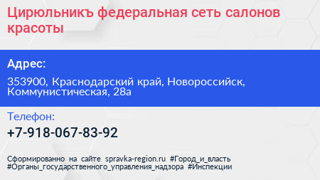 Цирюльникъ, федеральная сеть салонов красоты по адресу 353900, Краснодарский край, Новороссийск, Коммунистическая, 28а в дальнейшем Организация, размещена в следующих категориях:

==

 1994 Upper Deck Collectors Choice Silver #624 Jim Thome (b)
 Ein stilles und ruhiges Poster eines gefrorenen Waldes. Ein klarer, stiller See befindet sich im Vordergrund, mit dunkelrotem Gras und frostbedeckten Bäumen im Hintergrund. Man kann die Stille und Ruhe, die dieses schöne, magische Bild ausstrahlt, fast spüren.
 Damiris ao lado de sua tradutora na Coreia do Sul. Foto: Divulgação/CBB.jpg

Instructions to follow: Could you reproduce exactly the lines of the entries above, from the one with "1994 Upper Deck" through the one with "Damiris ao lado", and nothing else?

Task solution:
 1994 Upper Deck Collectors Choice Silver #624 Jim Thome (b)
 Ein stilles und ruhiges Poster eines gefrorenen Waldes. Ein klarer, stiller See befindet sich im Vordergrund, mit dunkelrotem Gras und frostbedeckten Bäumen im Hintergrund. Man kann die Stille und Ruhe, die dieses schöne, magische Bild ausstrahlt, fast spüren.
 Damiris ao lado de sua tradutora na Coreia do Sul. Foto: Divulgação/CBB.jpg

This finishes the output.